Ignorant people fail to understand the difference between facts, opinions, and theories. A fact is an indisputable and verifiable truth: The grass in my yard is green. An opinion is a point of view: Bermuda is the best grass for lawns. A theory is an explanation determined through the scientific method: grass is green because of chlorophyll.

Some people argue that facts can be found to prove anything. Not really. It’s certainly possible to select facts that support a particular point of view while ignoring those that don’t. Politicians do it every day.

Theories are not facts. Rather, they reflect what we know at the present time. Once upon a time, people believed (theorized) that the earth was flat. For a while people thought the sun, stars, and planets revolved around the earth. Now we know through scientific discovery that neither of those theories are correct. Or at least, most of us do.

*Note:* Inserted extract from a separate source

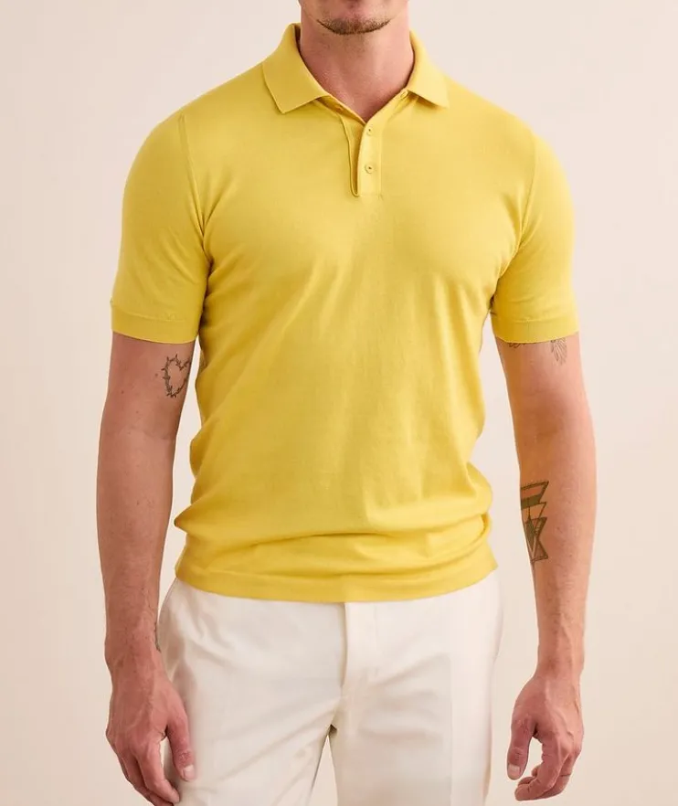 - Crafted from fine cotton, this short-sleeved knit polo shirt adds an element of understated sophistication to any casual ensemble.

People get confused about causation (A causes B) and a correlation (A and B are closely associated with each other). Proving that A causes B is extremely difficult because it’s generally impossible to eliminate (rule out) other influences. For example, we could say that drinking water causes cancer because everyone who has ever had cancer drank water. But it wouldn’t be true, because everyone who drinks water doesn’t get cancer.

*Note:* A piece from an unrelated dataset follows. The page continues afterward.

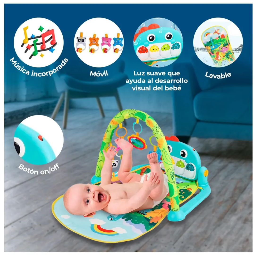 Incluye un teclado musical con luces que se activa con los pies, juguetes colgantes desmontables, espejo de autodescubrimiento y una alfombra suave, colorida y lavable.

Today I read that the more Walmarts there are in a community, the more hate groups you’ll find in that community. This was presented as A (the number of Walmarts) causes B (more hate groups), with a note that it’s probably also true of other big box stores. Balderdash. Communities that have more Walmarts and big box stores also have more churches, schools, people, etc. There may well be a correlation, but saying one causes the other is just wrong.

Ignorance isn’t bliss. It’s destructive. Allowing opinions, made up facts, and bad science to trump real knowledge is destroying our country. Staying ignorant is easy. It takes time to research the issues, to separate fact from fiction, and to understand the science.

Read. Get your news from a variety of sources, and think about whether the source has a vested interest in a particular point of view. Try to understand opposing points of view before you reject them.  And whatever you do, don’t let other people tell you what to think. It’s important. Really. Our future depends on it.